━━ Given records ━━

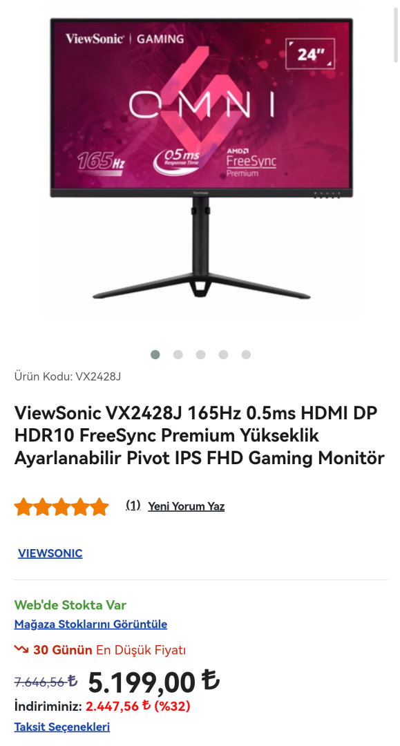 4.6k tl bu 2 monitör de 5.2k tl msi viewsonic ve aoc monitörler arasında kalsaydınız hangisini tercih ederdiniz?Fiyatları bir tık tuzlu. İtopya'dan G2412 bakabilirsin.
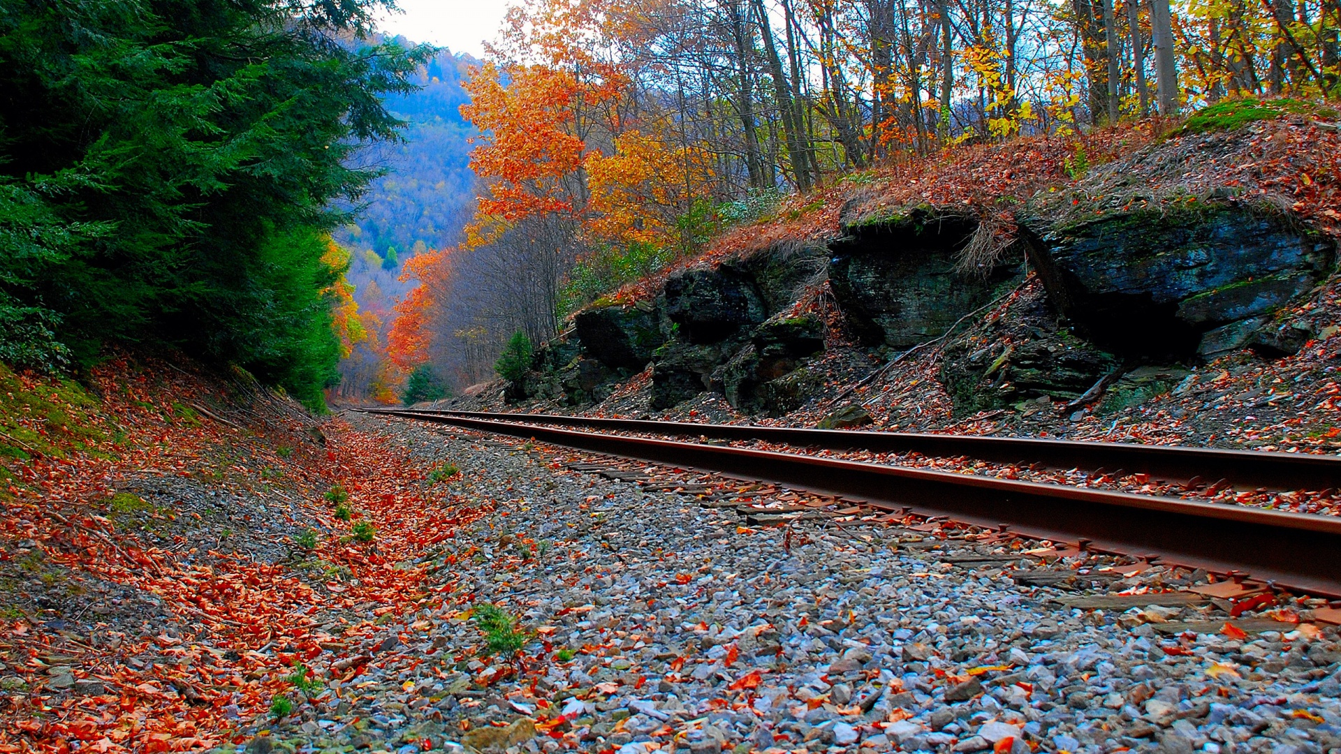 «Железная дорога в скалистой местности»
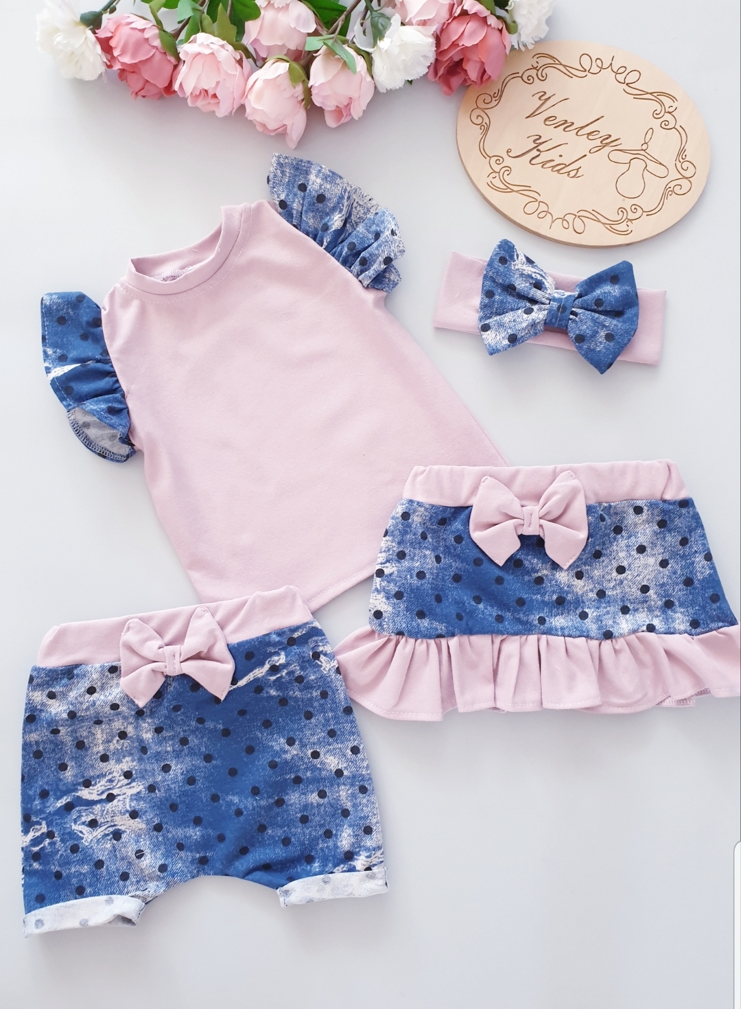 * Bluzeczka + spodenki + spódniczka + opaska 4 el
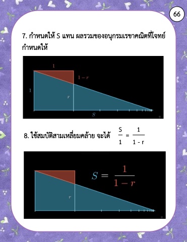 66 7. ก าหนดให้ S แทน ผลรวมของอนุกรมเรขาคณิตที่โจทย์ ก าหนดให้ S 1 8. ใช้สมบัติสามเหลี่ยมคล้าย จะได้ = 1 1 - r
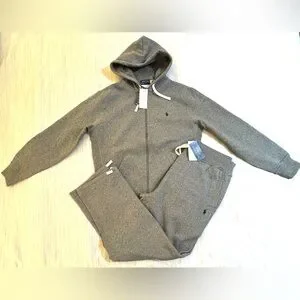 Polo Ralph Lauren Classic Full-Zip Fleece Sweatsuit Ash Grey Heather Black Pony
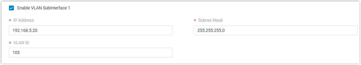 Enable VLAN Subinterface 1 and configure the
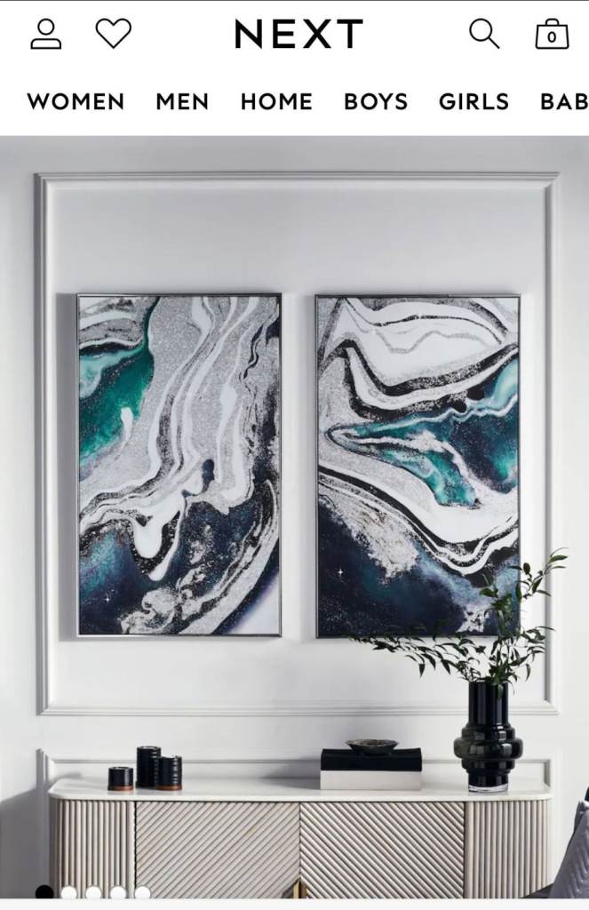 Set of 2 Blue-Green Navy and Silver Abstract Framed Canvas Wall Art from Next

━━━
━━ Given records ━━

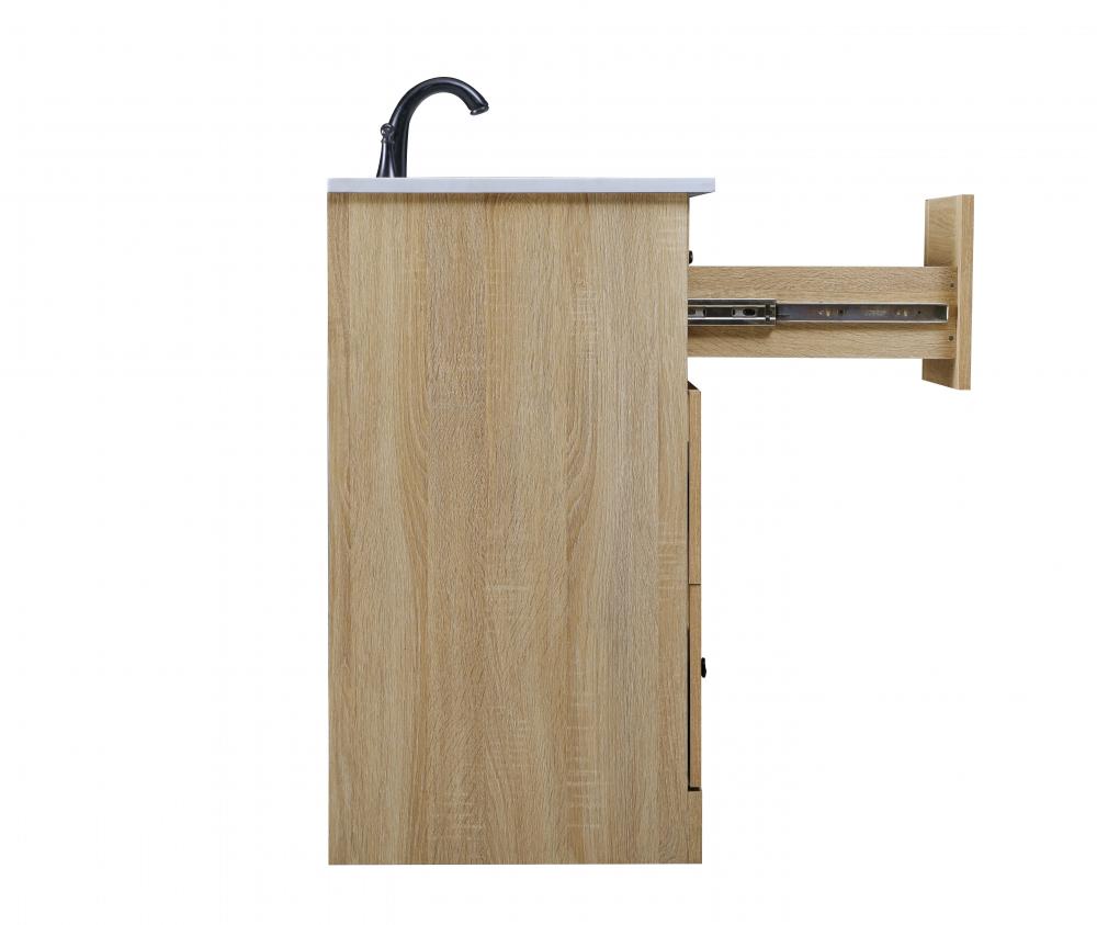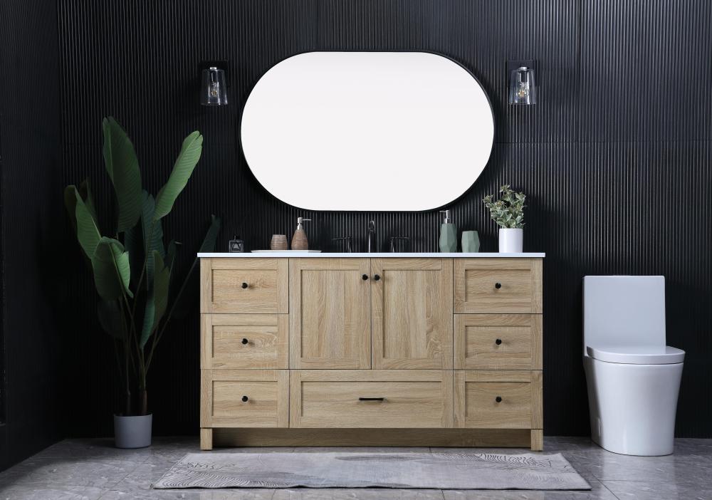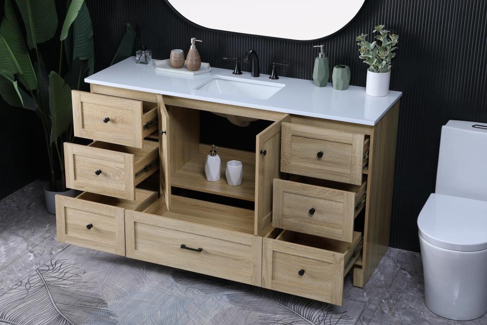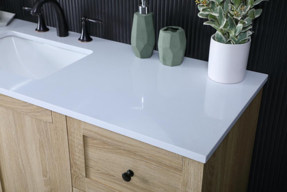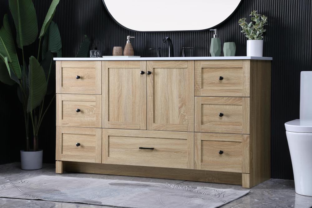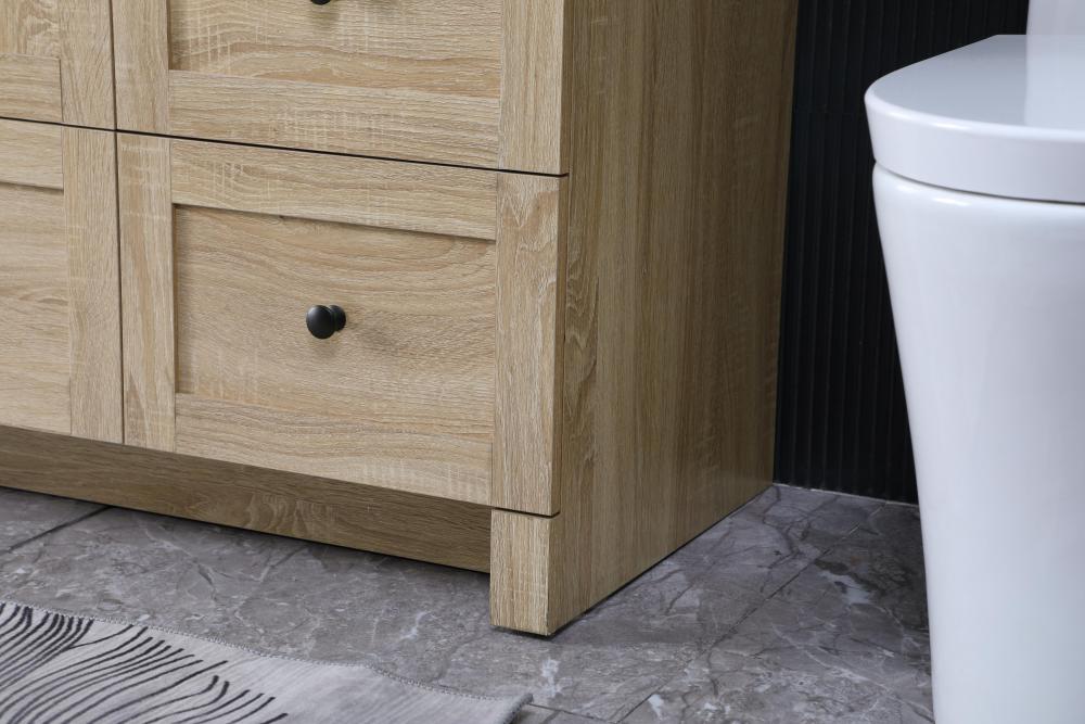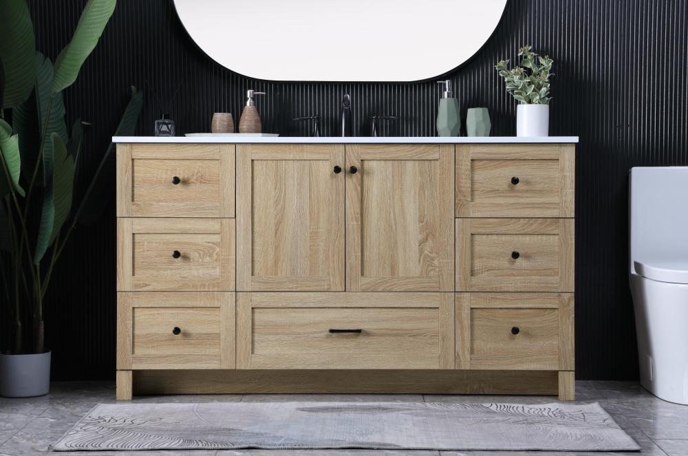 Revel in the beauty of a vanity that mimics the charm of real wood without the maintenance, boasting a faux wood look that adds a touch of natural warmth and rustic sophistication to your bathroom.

━━━

# [Exercise brief]
An exact transcription is needed of the lines from the one with "4.6k tl bu 2" to the one with "66 7. ก าหนดให้" above, both ends included, with pictures left out.

# [Answer for this exercise]
 4.6k tl bu 2 monitör de 5.2k tl msi viewsonic ve aoc monitörler arasında kalsaydınız hangisini tercih ederdiniz?Fiyatları bir tık tuzlu. İtopya'dan G2412 bakabilirsin.
 «Железная дорога в скалистой местности»
 * Bluzeczka + spodenki + spódniczka + opaska 4 el
 66 7. ก าหนดให้ S แทน ผลรวมของอนุกรมเรขาคณิตที่โจทย์ ก าหนดให้ S 1 8. ใช้สมบัติสามเหลี่ยมคล้าย จะได้ = 1 1 - r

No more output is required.